Aim of the task = The line containing "Upstairs features all" and every line after it, through the end of the material: copy these exactly and nothing else, leaving pictures out.
─── Source material
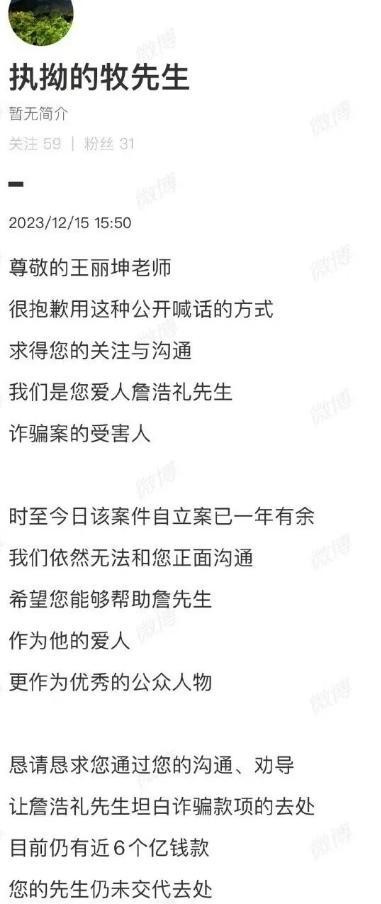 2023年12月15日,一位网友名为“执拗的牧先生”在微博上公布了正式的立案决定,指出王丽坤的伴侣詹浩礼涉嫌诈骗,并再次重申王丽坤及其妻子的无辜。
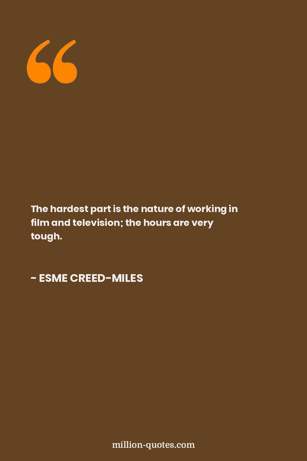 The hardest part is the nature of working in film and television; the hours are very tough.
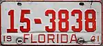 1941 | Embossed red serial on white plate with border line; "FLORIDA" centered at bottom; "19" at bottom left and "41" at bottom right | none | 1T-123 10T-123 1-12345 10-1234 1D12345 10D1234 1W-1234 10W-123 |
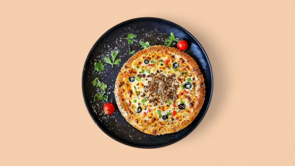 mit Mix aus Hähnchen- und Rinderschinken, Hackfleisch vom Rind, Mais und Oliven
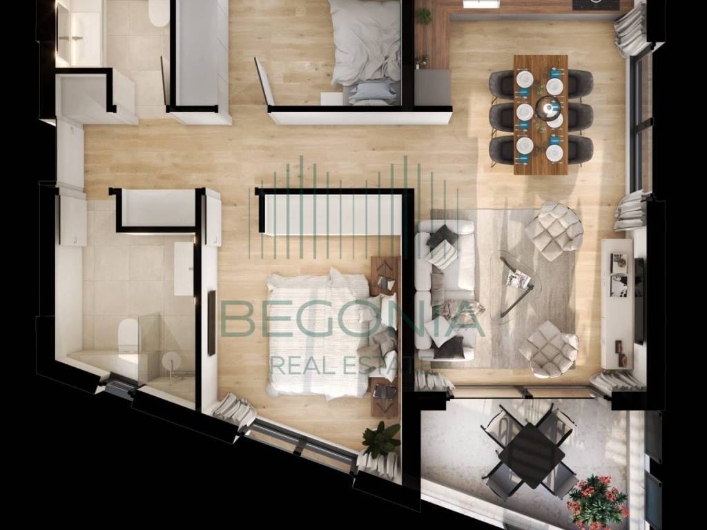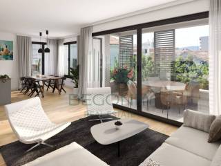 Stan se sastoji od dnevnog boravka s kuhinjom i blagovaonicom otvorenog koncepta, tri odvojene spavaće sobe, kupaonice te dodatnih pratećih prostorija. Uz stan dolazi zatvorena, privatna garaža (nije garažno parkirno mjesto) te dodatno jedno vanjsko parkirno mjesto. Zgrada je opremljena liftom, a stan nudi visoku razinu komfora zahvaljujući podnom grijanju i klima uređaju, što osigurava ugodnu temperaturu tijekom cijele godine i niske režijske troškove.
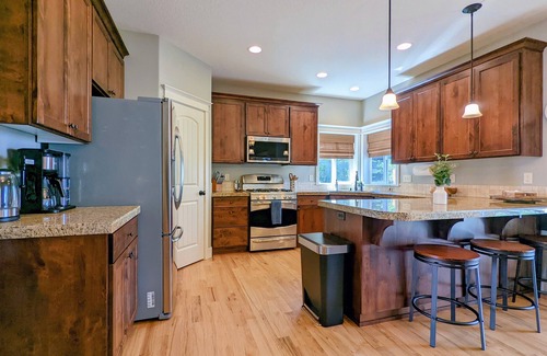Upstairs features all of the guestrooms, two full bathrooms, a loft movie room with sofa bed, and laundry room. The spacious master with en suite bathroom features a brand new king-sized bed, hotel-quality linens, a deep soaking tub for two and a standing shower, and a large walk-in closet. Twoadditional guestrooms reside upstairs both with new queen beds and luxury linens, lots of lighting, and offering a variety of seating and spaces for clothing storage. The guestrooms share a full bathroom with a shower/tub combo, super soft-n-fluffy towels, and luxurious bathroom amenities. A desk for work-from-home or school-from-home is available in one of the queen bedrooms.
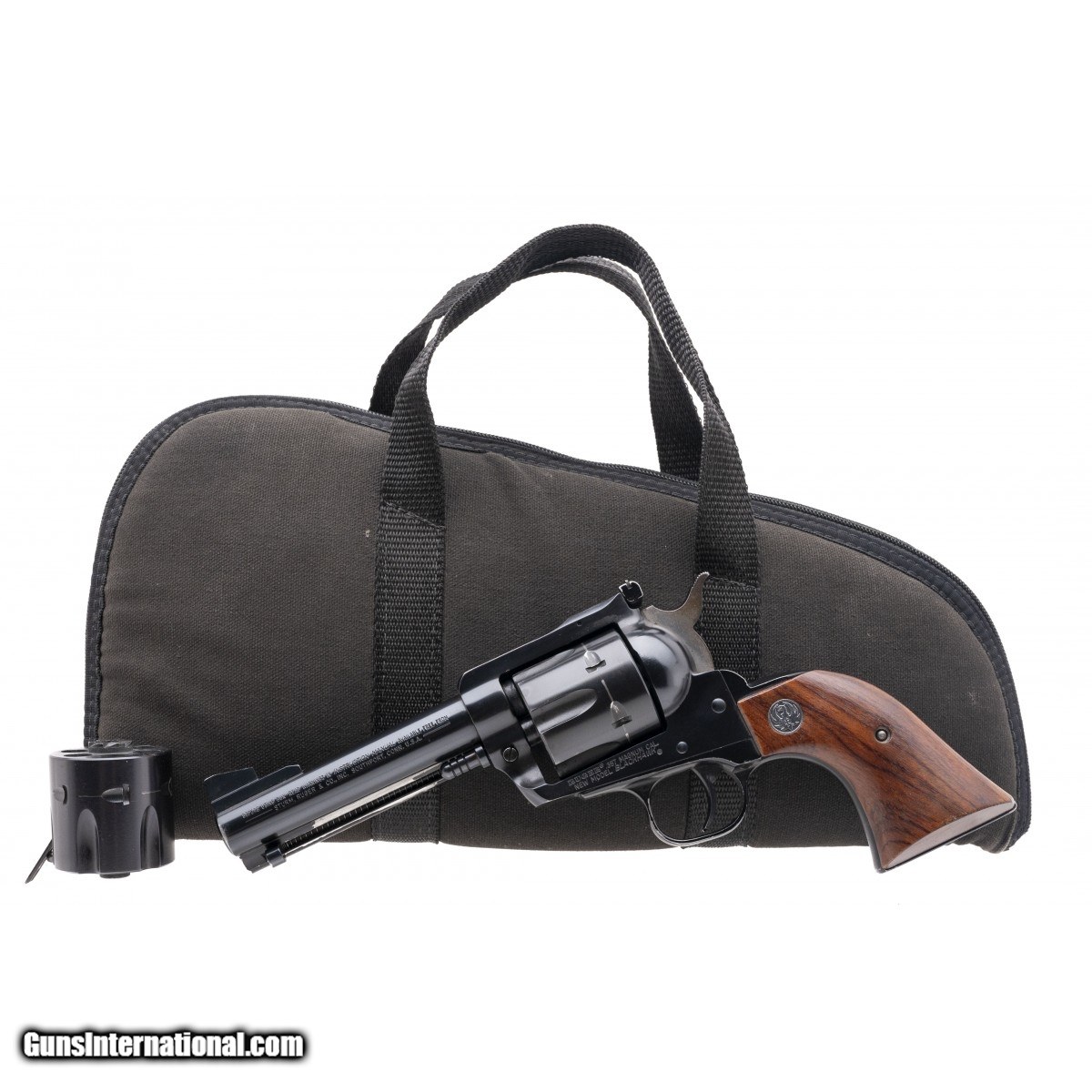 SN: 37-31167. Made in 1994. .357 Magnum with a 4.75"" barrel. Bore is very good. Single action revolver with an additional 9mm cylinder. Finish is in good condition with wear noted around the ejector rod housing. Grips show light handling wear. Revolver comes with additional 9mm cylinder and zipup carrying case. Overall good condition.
──────
Finished exercise =
Upstairs features all of the guestrooms, two full bathrooms, a loft movie room with sofa bed, and laundry room. The spacious master with en suite bathroom features a brand new king-sized bed, hotel-quality linens, a deep soaking tub for two and a standing shower, and a large walk-in closet. Twoadditional guestrooms reside upstairs both with new queen beds and luxury linens, lots of lighting, and offering a variety of seating and spaces for clothing storage. The guestrooms share a full bathroom with a shower/tub combo, super soft-n-fluffy towels, and luxurious bathroom amenities. A desk for work-from-home or school-from-home is available in one of the queen bedrooms.
 SN: 37-31167. Made in 1994. .357 Magnum with a 4.75"" barrel. Bore is very good. Single action revolver with an additional 9mm cylinder. Finish is in good condition with wear noted around the ejector rod housing. Grips show light handling wear. Revolver comes with additional 9mm cylinder and zipup carrying case. Overall good condition.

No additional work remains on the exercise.